Equities
US Sector Blog: Consumer challenges cause changes
22 March 2011
Kully Samra, UK branch director at Charles Schwab, gives his views on the US market.
This week brings a couple of changes to our sector recommendations. We're moving the consumer discretionary sector to underperform from marketperform and moving the financial sector up to marketperform from underperform.
Starting with the consumer discretionary sector, we're not necessarily extremely bearish on American consumers; in fact, we believe that the unemployment rate will continue to improve. However, we do believe the sector will perform relatively poorly over the next several months, leading to our move. One reason for the downgrade is our belief regarding where we are in the economic cycle. As a so-called 'early cyclical' group, the consumer discretionary sector tends to perform well during the initial stages of an economic recovery. At this point, we believe we're well past that and into a maturing phase of economic expansion, where investors may look to rotate money out of the discretionary sector.
We also believe the recent rise in commodity costs will impact profitability in the sector. With low levels of pricing power, it's difficult for companies to pass along increased input costs to consumers. Conversely, consumers are having to pay more for necessities, leaving less money for discretionary purchases—potentially hurting both the top and bottom lines in the group. Also, unemployment remains high, credit standards are still relatively tight and the housing market continues to bump along the bottom.
To offset this move, we're moving the financial sector from underperform to marketperform. While we continue to view this group with caution because many challenges - especially from the housing and mortgage areas - remain, we believe there are enough positive developments to warrant a more-neutral view.
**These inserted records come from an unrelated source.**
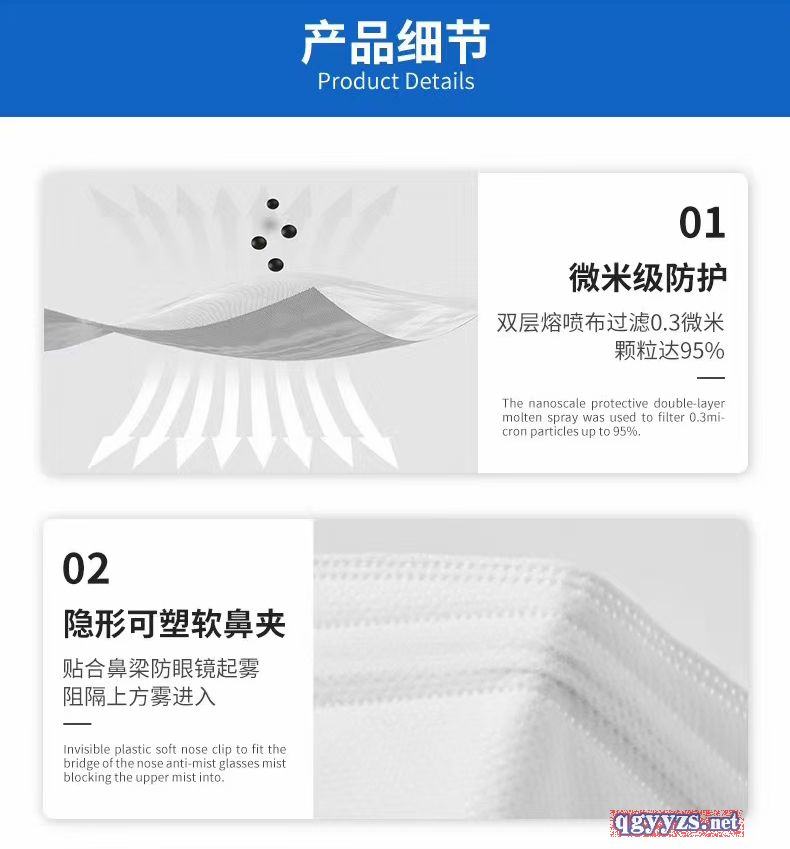 | 補(bǔ)充說明 | 一、微米級(jí)防護(hù):雙層熔噴布過濾0.3微米,顆粒達(dá)95% 二、隱形可塑軟鼻夾:貼合鼻梁防眼睛起霧阻隔上方霧進(jìn)入 三、側(cè)邊包邊工藝:柔軟海綿體貼合臉頰,阻隔兩側(cè)霧進(jìn)入 四、掛耳固定工藝:不易掉落,**防護(hù)一整天 |
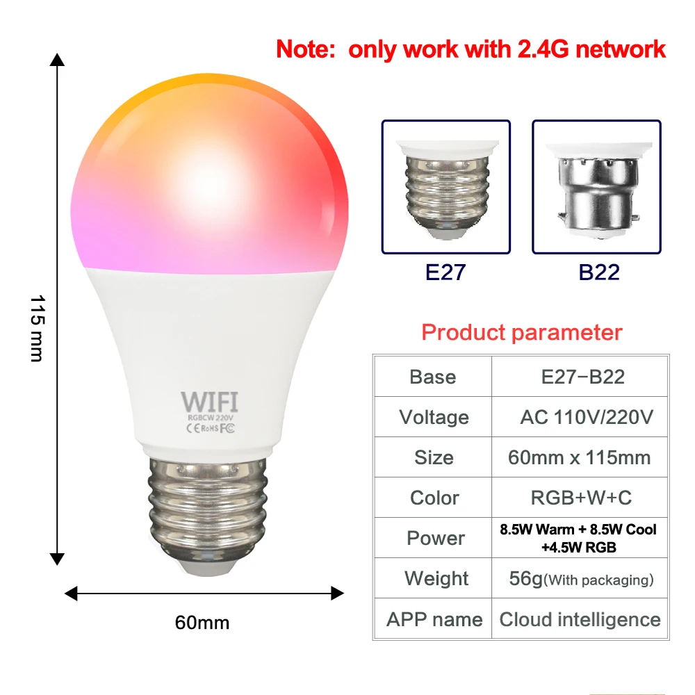 Есть 3 шага, чтобы начать вашу умную жизнь. Отсканируйте qr-код, чтобы загрузить приложение, установите основание лампы и Используйте приложение для управления лампочкой Wi-Fi (не требуется концентратор). Подходит для Wi-Fi 2,4 ГГц, но не подходит 5,0 ГГц. Вы можете управлять освещением индивидуально или в групп.
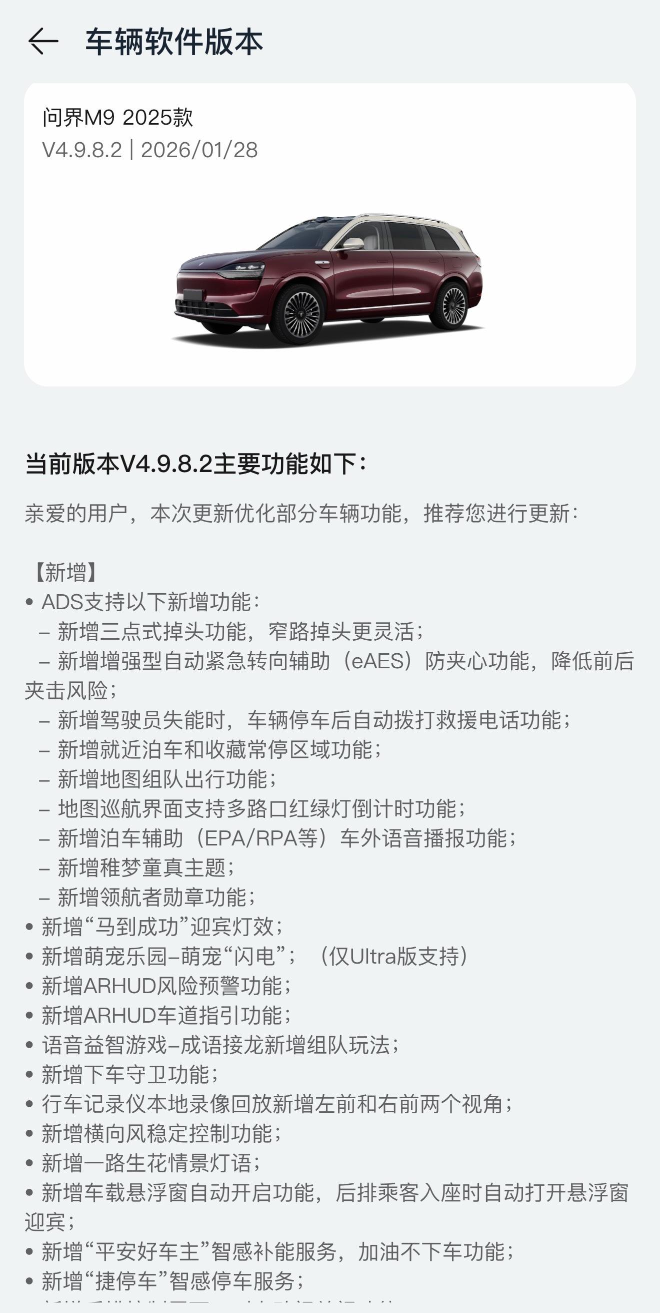 买了很多车,但是过年回家,还是得开问界M9,新增的悬浮窗(自动)迎宾功能我很喜欢问界M9

Increasing loan demand at the business level should help bolster profits, while more robust merger-and-acquisition activity and an increase in IPOs should provide more revenue.
New regulations limiting the trading that financial institutions can do for themselves - historically, a major profit driver for some companies - remain a concern for us. And new capital requirements restrict the amount of money banks can lend, limiting profit potential for many of them. While it's true the regulatory environment is increasingly onerous for financials, we also believe that much of that potential damage has been reflected in their stock prices, leading to the possibility of upside surprises as the always creative industry reacts to new regulations.
In addition to these two changes, we're maintaining our outperform recommendation on energy, though we suggest any investors with outsized positions after the recent run look to take some profits, as we could see a near-term pullback. Also, the consumer staples sector remains rated at underperform.
We also continue to hold a outperform rating on information technology. Healthcare, industrials, materials, telecom and utilities hold a marketperform rating.
Our recommendations can and do change quickly at times as we continually monitor economic progress and specific factors influencing individual sectors.